In Uncategorized on October 12, 2003
better rested after a night back in my own lovely gigantic and comfortable bed in my lovely comfortable house in fact, but it was good to get away for the days if not the nights.
i was saved the trouble of having more photos to sort out by my camera going kaputt. you’ll have to look at darren’s evidence to see that i was there too. that’s taken at kymin, just inside england looking out over the border town of monmouth to the black mountains of wales in the distance.
autumn is my favourite season, we were a bit early for the trees really, though the forest of dean was still gorgeous. i’ll be keeping an eye out for when the colours are at their best around here over the next few months. maybe i’ll find myself something new to photograph them with too.

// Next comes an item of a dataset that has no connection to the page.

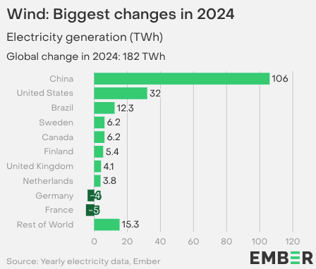 La Cina ha rappresentato ben oltre il 50% dell’aumento globale dell’energia eolica nel 2024, con una produzione eolica in aumento di 106 TWh (+12%). L’aumento della produzione eolica in Cina nel 2024 è stato più di tre volte superiore a quello degli Stati Uniti, che hanno registrato il secondo maggiore incremento.

In books read on October 12, 2003
The opinions I've come across on this book are divided pretty evenly between 'couldn't read it' and 'absolutely loved it' - no one seems to end up on the middle ground. I thought the lack of averageness was as good a reason to read it as any, and besides, it sounded fascinatingly different from the mysteries I generally devour.
The story is divided into four separate narratives; each detailing some of the same events from another point of view, each adding to and changing the reader's idea of what has happened. The scene is mostly Oxford in 1663, after the English Civil War and before the Bubonic Plague and the Great Fire of London enter the history books. Many of the characters are real people, some of them I recognised, many of them I didn't know, there's a note at the end that points out the real from the fictional.
I wasn't totally compelled by the book, there were certainly parts of the second and third stories where I could have left the book for a while, but I couldn't put it down for too long. Darren assured me that Pears knew how to end a book and this added to my feeling that this was a book worth the effort of reading. At close on seven hundred pages, all written somewhat in seventeenth century style, it's quite a weighty read. The narratives that begin and end the story are easier reads than the two in between though and towards the end when all the pieces of the puzzle begin to fall into their places it's quite magical.
So I'm definitely camped out with the people who think this is an excellent book. One of the things that worried me when I was reading was that some of the small details would turn out to be essential to the plot and that my enjoyment would be marred by forgetting something that seemed minor, that while the four narratives built on top of each other I'd miss a difference between them that would ruin the book for me in the end. To future readers I'd just like to say that that won't be the case. Like any whodunnit the clues are clear enough when the author wants to make them seen, sit back and enjoy the story and let the author do his work.
Borrowed.
A copy of this book is available on BookMooch.

In Uncategorized on October 4, 2003
the mogcam has crashed so i can’t make the cats do their usual holiday message to the masses, sorry mum. i’m off to crash in the depths of a forest for a week, though from the level of activity around these parts lately you’d probably never have guessed if i hadn’t told you so. back when more rested.